• [What you should do] For the entries below, copy exactly the line that contains "Información sobre alérxenos: 1." through the line that contains "Correcção Tonal na", both ends included, and exclude all pictures.

• [Data shown]
+---+

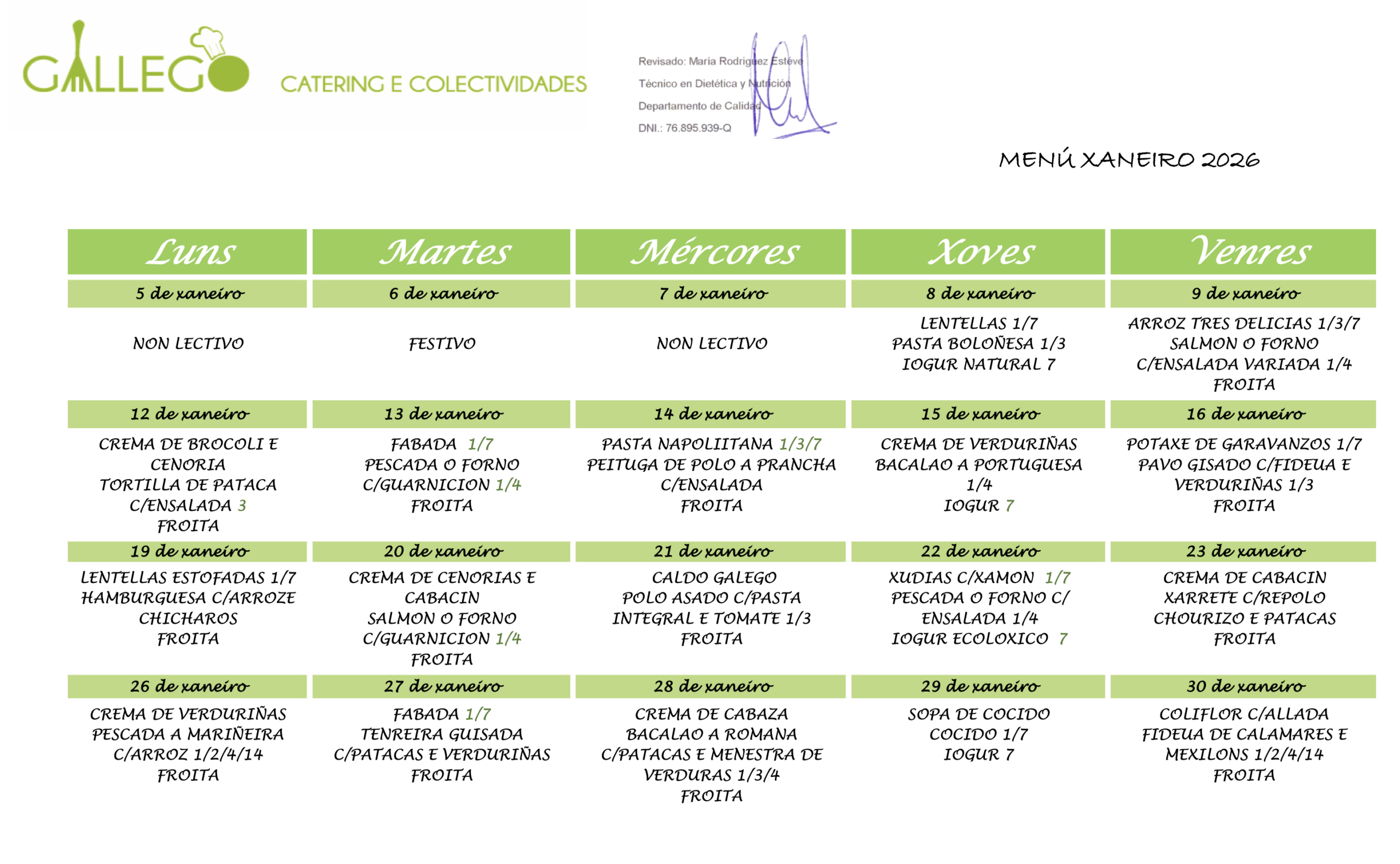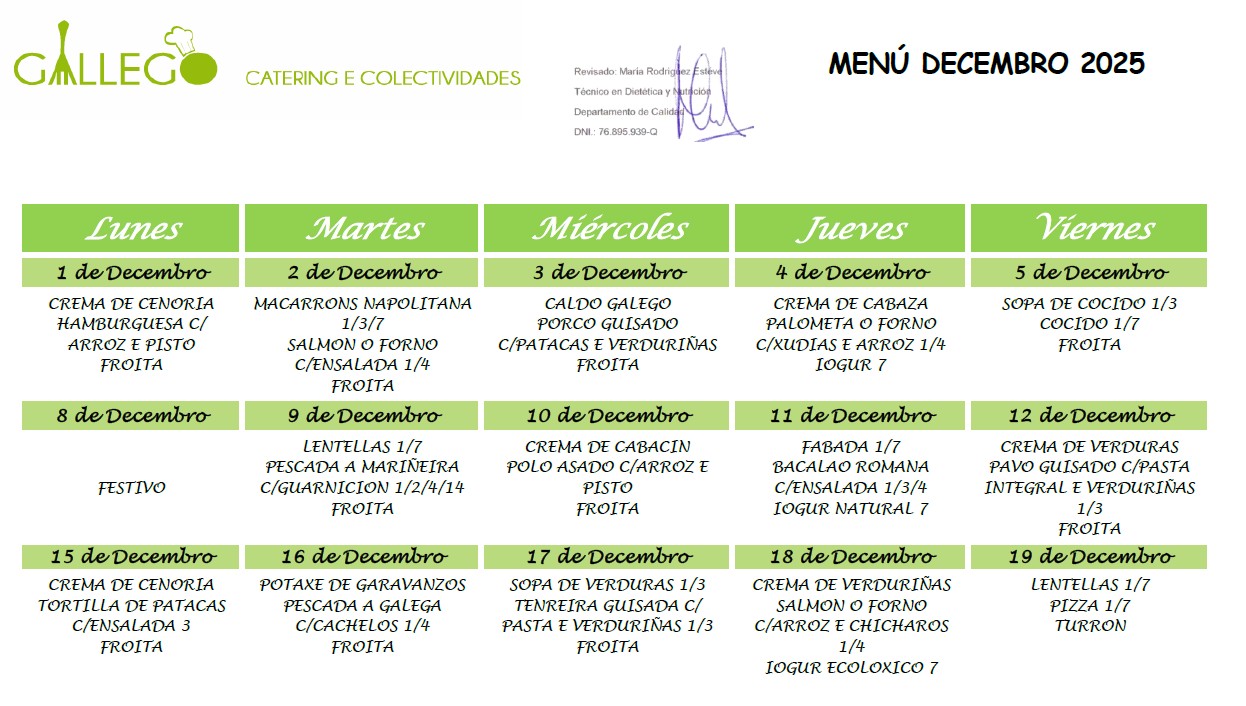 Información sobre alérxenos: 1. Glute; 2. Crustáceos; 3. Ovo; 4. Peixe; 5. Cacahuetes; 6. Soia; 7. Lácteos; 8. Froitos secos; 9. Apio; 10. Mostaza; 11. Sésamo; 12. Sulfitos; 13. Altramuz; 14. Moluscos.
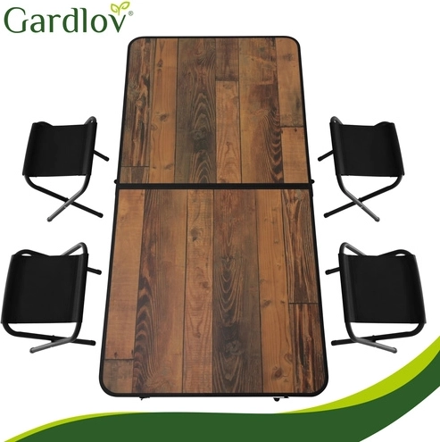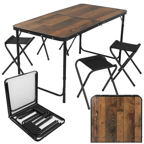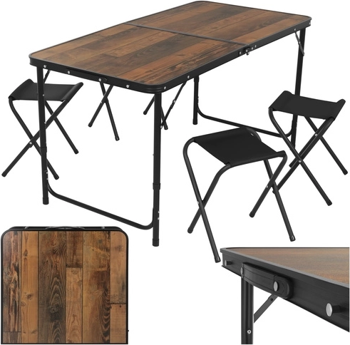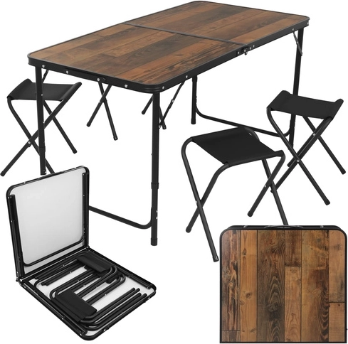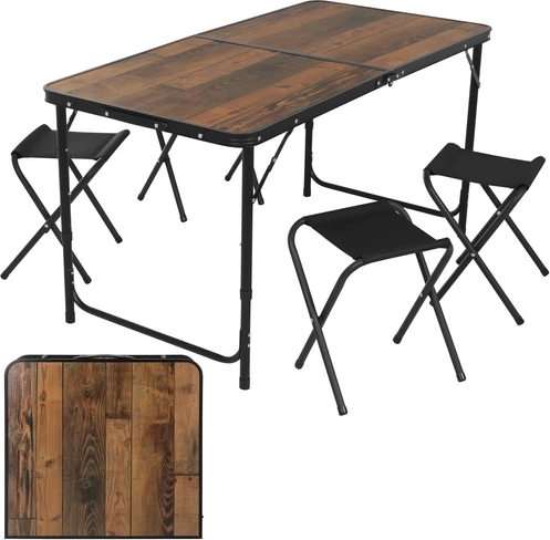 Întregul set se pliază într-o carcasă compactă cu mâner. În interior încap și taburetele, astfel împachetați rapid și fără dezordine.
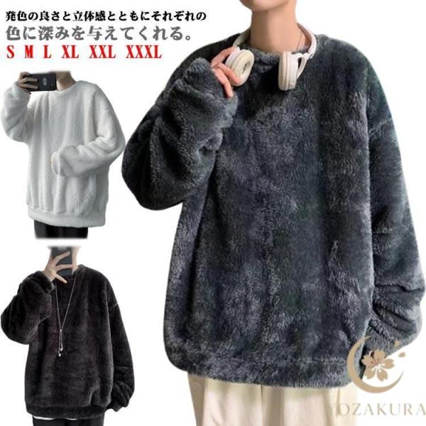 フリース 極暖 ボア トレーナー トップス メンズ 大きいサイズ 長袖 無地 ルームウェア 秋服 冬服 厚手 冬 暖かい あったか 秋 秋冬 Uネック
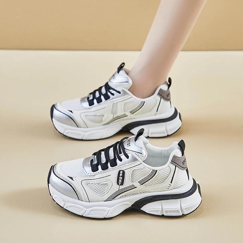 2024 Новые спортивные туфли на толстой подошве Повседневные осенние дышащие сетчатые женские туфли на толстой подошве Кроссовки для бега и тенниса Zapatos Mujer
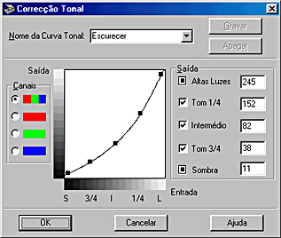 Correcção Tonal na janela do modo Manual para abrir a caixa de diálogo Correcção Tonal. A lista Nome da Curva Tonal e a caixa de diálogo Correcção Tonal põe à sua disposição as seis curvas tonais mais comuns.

+---+

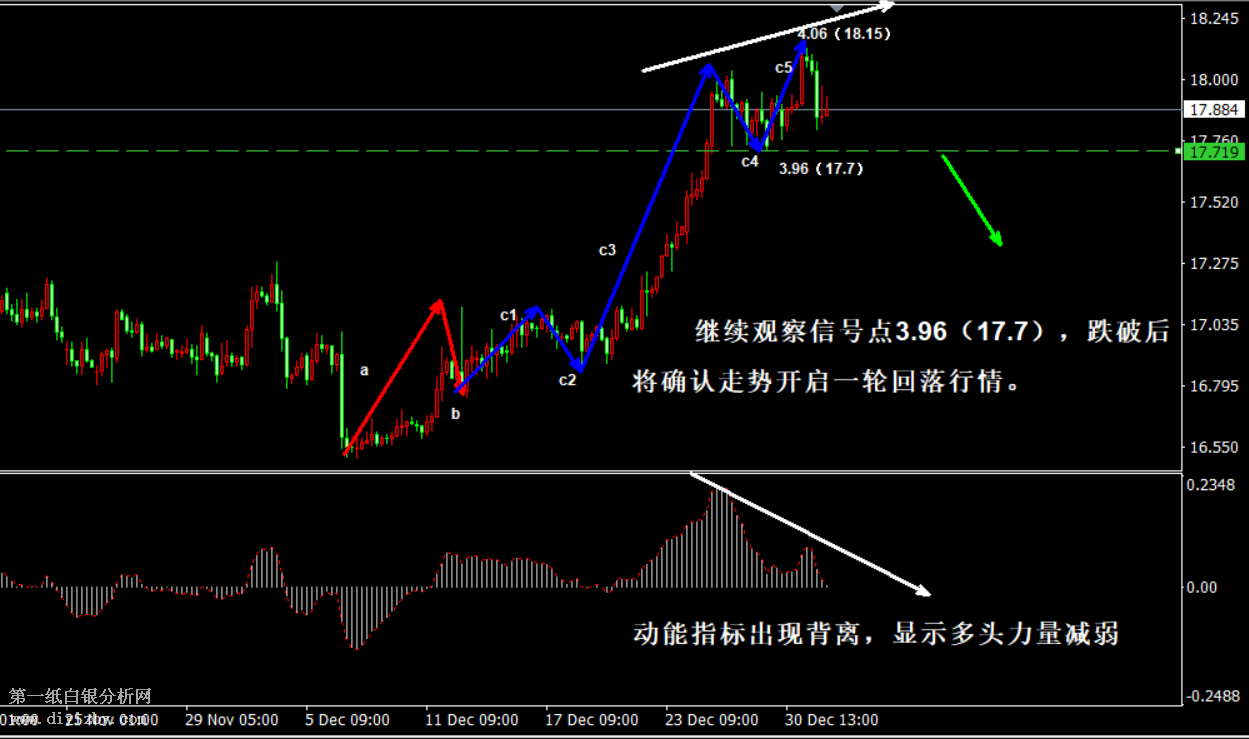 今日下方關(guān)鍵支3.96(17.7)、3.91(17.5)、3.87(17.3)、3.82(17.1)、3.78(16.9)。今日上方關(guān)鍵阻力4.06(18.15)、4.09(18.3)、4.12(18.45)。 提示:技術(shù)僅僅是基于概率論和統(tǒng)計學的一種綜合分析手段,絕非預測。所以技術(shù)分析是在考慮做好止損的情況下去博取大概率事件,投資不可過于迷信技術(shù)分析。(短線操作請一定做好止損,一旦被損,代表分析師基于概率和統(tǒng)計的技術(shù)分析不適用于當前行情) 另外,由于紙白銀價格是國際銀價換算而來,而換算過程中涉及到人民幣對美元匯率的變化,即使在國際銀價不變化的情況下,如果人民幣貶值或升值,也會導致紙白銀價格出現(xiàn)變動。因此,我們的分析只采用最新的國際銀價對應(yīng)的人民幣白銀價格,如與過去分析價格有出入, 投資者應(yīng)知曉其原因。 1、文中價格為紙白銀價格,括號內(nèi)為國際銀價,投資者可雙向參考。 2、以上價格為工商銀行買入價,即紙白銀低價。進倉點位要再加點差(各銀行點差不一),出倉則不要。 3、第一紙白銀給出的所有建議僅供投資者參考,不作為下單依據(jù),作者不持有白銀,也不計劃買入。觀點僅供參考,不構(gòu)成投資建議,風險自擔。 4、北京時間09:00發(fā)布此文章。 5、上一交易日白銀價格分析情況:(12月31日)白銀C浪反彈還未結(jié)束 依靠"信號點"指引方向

+---+

• [Your response]
 Información sobre alérxenos: 1. Glute; 2. Crustáceos; 3. Ovo; 4. Peixe; 5. Cacahuetes; 6. Soia; 7. Lácteos; 8. Froitos secos; 9. Apio; 10. Mostaza; 11. Sésamo; 12. Sulfitos; 13. Altramuz; 14. Moluscos.
 Întregul set se pliază într-o carcasă compactă cu mâner. În interior încap și taburetele, astfel împachetați rapid și fără dezordine.
 フリース 極暖 ボア トレーナー トップス メンズ 大きいサイズ 長袖 無地 ルームウェア 秋服 冬服 厚手 冬 暖かい あったか 秋 秋冬 Uネック
 2024 Новые спортивные туфли на толстой подошве Повседневные осенние дышащие сетчатые женские туфли на толстой подошве Кроссовки для бега и тенниса Zapatos Mujer
 Correcção Tonal na janela do modo Manual para abrir a caixa de diálogo Correcção Tonal. A lista Nome da Curva Tonal e a caixa de diálogo Correcção Tonal põe à sua disposição as seis curvas tonais mais comuns.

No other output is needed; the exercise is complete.